Using column aliases in HAVING (not supported in many databases — repeat the aggregate expression)

Confusing WHERE and HAVING — WHERE cannot reference aggregate functions

Forgetting that HAVING requires GROUP BY (in most databases — without GROUP BY, the entire table is one group)

Putting non-aggregate conditions in HAVING instead of WHERE (correct but inefficient)

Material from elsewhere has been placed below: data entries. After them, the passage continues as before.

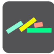
Biblioteca Digital Escolar

Para Android está disponible mediante Play Store y para IOS en App Store, digitando biblioteca digital escolar . Aparecerá el ícono: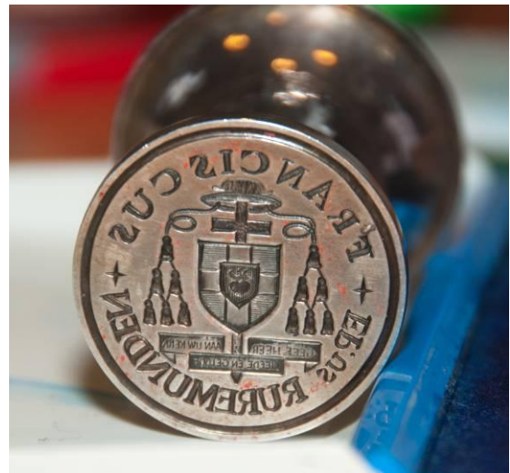
De stempel van de bisschop wacht op het belangrijkste moment: het verzegelen van de stukken voor Rome.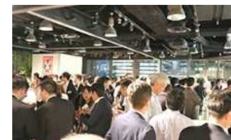
ネットワーキング パーティの様子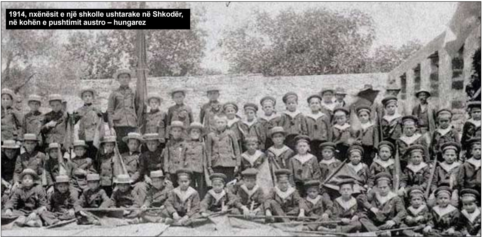
1914, nxënësit e një shkolle ushtarake në Shkodër, në kohën e pushtimit austro – hungarez

kur shprehet se: “...lera e një modeli është zakonisht në proporcion të drejtë me faktin se sa mirë korrespondon me të shkuarën, të tashmen, të ardhmen, nivelin aktual apo potencial të mundësive dhe perspektivës...” dhe më tej ndoshta e përbashkët në njohjen dhe analizën e modeleve se “Modeli i arsimit nuk qëndron më tepër në reformimin e studentëve, në zellin e tyre apo për tu bërë ekspert të teknologjisë. Arsimi qëndron në turbullimin e mendjes, zgjerimin e horizonteve, ndezjen e intelektit, të mësuarit për të menduar drejt, sa më tepër që të jetë e mundur...”

Frequently Asked Questions

What is the difference between WHERE and HAVING in SQL?
WHERE filters individual rows BEFORE GROUP BY aggregation. HAVING filters groups AFTER GROUP BY aggregation. Use WHERE for row-level conditions (WHERE salary > 50000). Use HAVING for group-level conditions on aggregate functions (HAVING COUNT(*) > 5, HAVING SUM(sales) > 100000).
Can you use HAVING without GROUP BY?
Technically yes in some databases. Without GROUP BY, the entire table is treated as a single group. HAVING COUNT(*) > 100 would return the entire result if the table has more than 100 rows. However, this is rarely useful and usually indicates a logic error.
Can HAVING reference column aliases?
Most databases do NOT allow HAVING to reference SELECT aliases. You must repeat the aggregate expression. Exception: MySQL and some others allow it. Safe universal approach: HAVING SUM(amount) > 1000 (repeat expression) rather than HAVING total_amount > 1000 (alias).